DIRECTIONS FOR THIS TASK –
Your answer must be the lines from the first one in the material through the line with "黄辉副院长聚焦科研与地方服务", retyped exactly and with no pictures.

THE DATA –

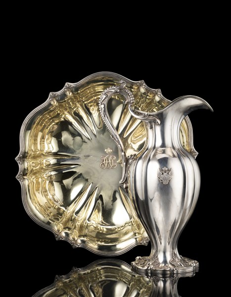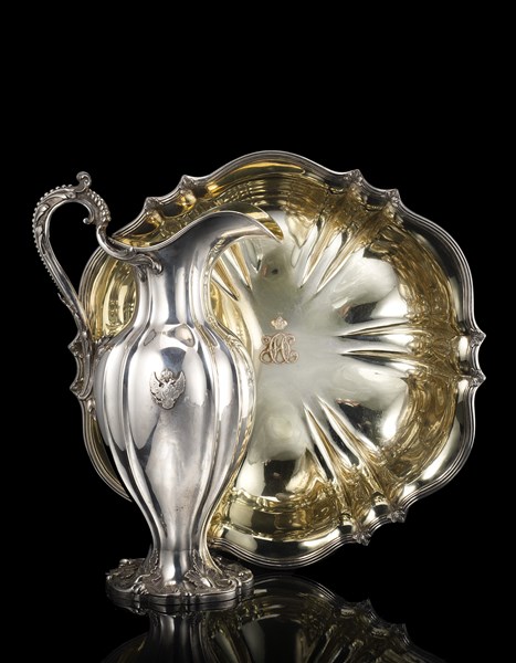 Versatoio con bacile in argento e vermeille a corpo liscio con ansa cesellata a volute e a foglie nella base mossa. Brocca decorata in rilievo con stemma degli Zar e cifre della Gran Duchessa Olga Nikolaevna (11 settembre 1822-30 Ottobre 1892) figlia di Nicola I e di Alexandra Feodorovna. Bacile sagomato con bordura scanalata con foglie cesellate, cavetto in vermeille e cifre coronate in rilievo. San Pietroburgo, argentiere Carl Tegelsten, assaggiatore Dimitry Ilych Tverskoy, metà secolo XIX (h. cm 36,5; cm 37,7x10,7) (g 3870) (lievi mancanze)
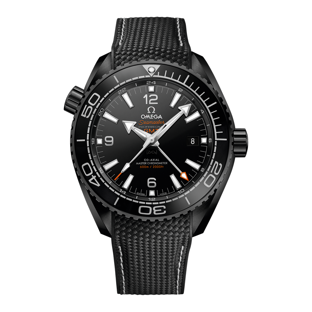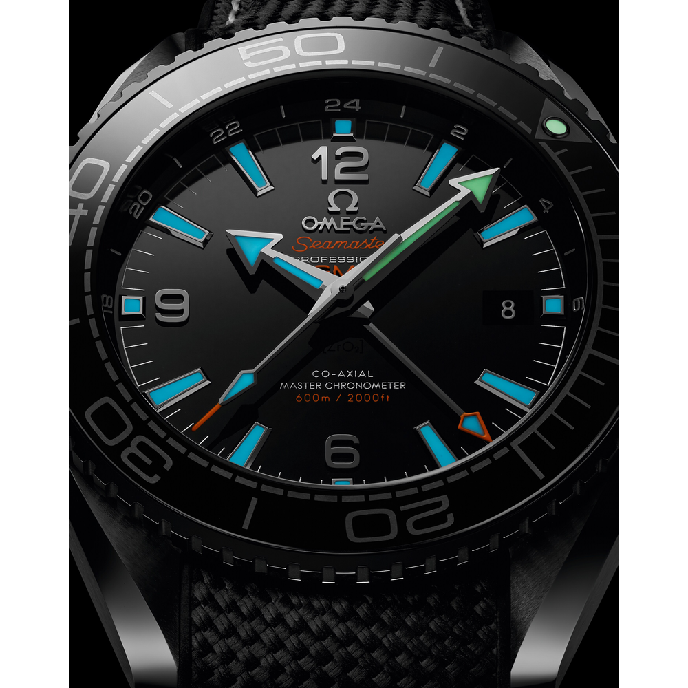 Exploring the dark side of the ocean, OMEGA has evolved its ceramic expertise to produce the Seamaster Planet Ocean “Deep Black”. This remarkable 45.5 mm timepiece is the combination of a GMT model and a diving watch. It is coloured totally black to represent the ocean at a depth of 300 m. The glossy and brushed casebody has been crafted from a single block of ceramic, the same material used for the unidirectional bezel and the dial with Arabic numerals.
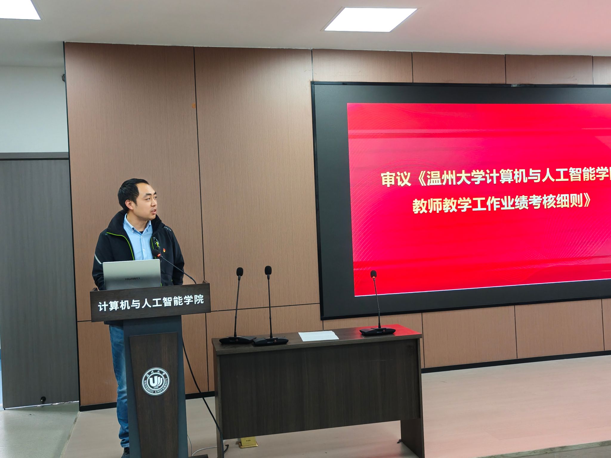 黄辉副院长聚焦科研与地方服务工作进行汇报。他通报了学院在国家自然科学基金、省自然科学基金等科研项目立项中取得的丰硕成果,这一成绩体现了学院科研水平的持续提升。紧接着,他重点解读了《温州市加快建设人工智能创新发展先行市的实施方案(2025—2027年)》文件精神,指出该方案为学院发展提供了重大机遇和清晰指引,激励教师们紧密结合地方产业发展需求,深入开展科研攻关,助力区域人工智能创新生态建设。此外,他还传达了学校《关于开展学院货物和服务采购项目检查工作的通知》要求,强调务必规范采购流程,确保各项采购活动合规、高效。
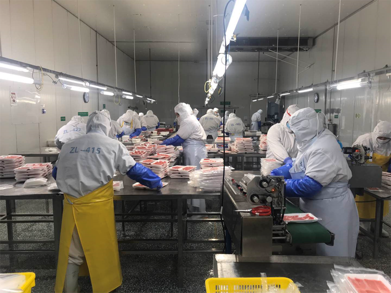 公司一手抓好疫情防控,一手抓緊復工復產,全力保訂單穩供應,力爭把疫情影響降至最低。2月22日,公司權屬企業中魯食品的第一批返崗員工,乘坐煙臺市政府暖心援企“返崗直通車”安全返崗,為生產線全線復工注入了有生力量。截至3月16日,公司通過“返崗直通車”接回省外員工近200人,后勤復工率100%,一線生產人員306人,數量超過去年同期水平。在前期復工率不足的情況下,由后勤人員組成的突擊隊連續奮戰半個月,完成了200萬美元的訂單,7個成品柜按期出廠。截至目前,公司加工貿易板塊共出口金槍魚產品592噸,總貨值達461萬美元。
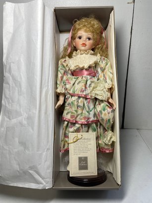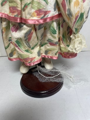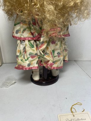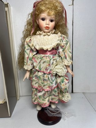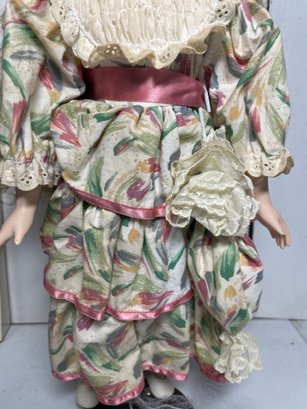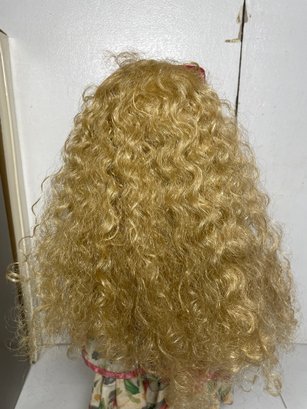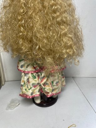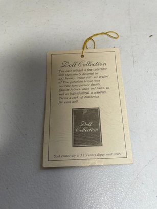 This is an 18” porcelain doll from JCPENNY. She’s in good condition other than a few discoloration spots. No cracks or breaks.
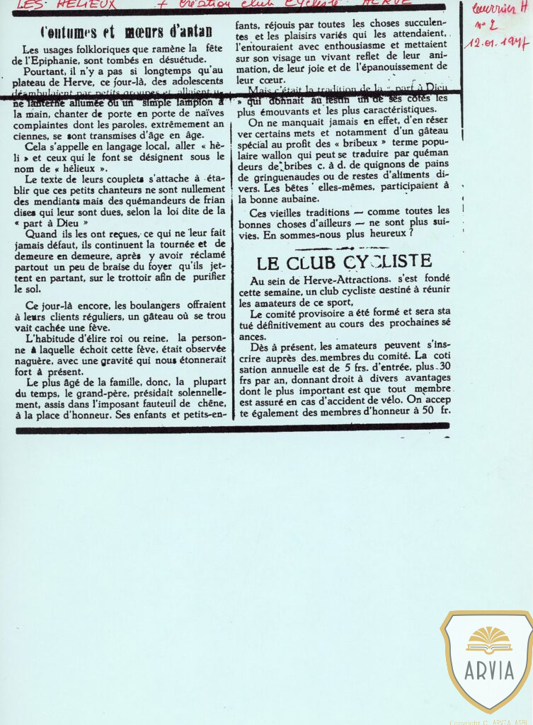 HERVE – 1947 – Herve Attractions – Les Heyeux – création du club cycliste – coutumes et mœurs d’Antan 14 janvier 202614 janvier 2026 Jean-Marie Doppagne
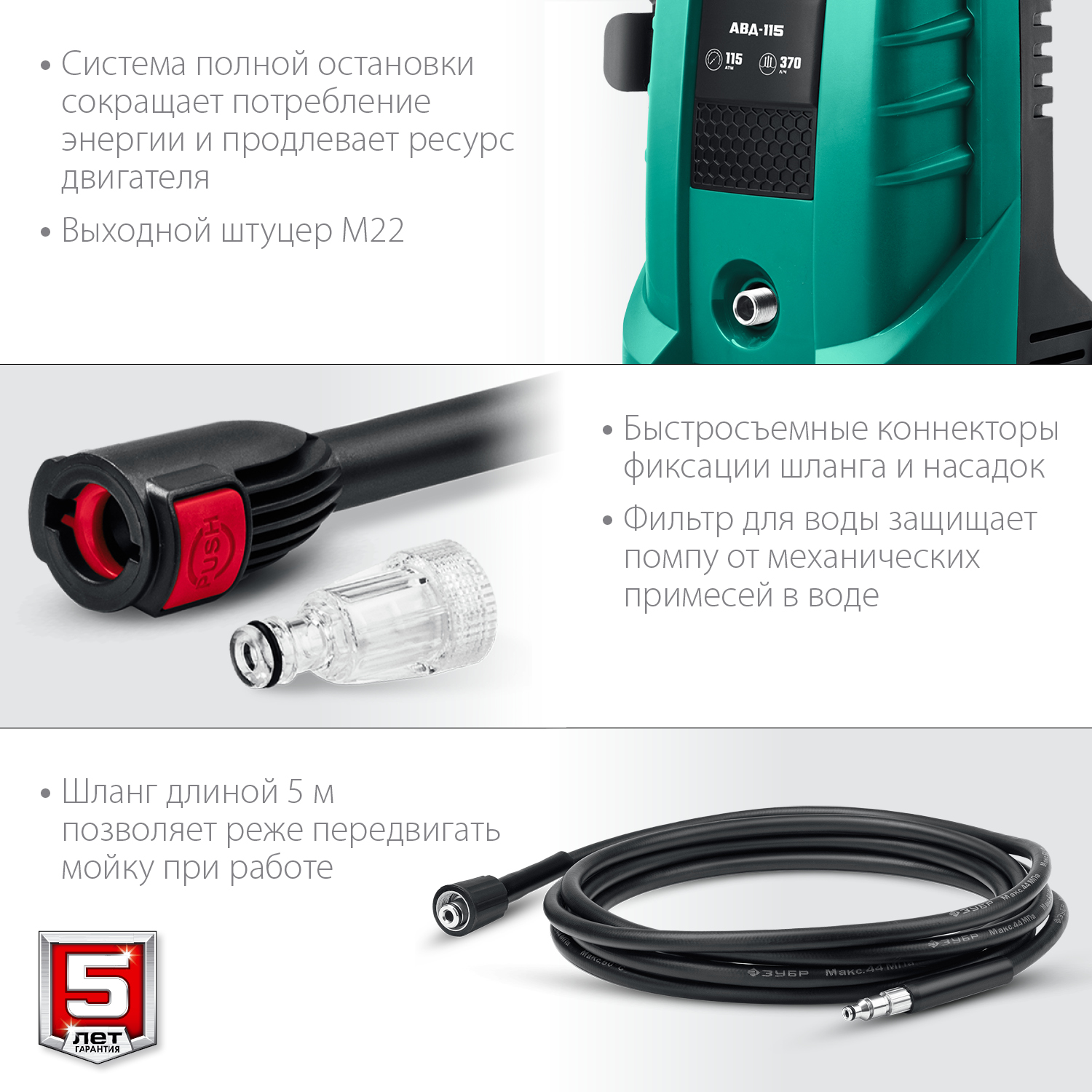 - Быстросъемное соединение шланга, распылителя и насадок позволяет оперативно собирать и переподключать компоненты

RESPONSE BELOW –
 Versatoio con bacile in argento e vermeille a corpo liscio con ansa cesellata a volute e a foglie nella base mossa. Brocca decorata in rilievo con stemma degli Zar e cifre della Gran Duchessa Olga Nikolaevna (11 settembre 1822-30 Ottobre 1892) figlia di Nicola I e di Alexandra Feodorovna. Bacile sagomato con bordura scanalata con foglie cesellate, cavetto in vermeille e cifre coronate in rilievo. San Pietroburgo, argentiere Carl Tegelsten, assaggiatore Dimitry Ilych Tverskoy, metà secolo XIX (h. cm 36,5; cm 37,7x10,7) (g 3870) (lievi mancanze)
 Exploring the dark side of the ocean, OMEGA has evolved its ceramic expertise to produce the Seamaster Planet Ocean “Deep Black”. This remarkable 45.5 mm timepiece is the combination of a GMT model and a diving watch. It is coloured totally black to represent the ocean at a depth of 300 m. The glossy and brushed casebody has been crafted from a single block of ceramic, the same material used for the unidirectional bezel and the dial with Arabic numerals.
 黄辉副院长聚焦科研与地方服务工作进行汇报。他通报了学院在国家自然科学基金、省自然科学基金等科研项目立项中取得的丰硕成果,这一成绩体现了学院科研水平的持续提升。紧接着,他重点解读了《温州市加快建设人工智能创新发展先行市的实施方案(2025—2027年)》文件精神,指出该方案为学院发展提供了重大机遇和清晰指引,激励教师们紧密结合地方产业发展需求,深入开展科研攻关,助力区域人工智能创新生态建设。此外,他还传达了学校《关于开展学院货物和服务采购项目检查工作的通知》要求,强调务必规范采购流程,确保各项采购活动合规、高效。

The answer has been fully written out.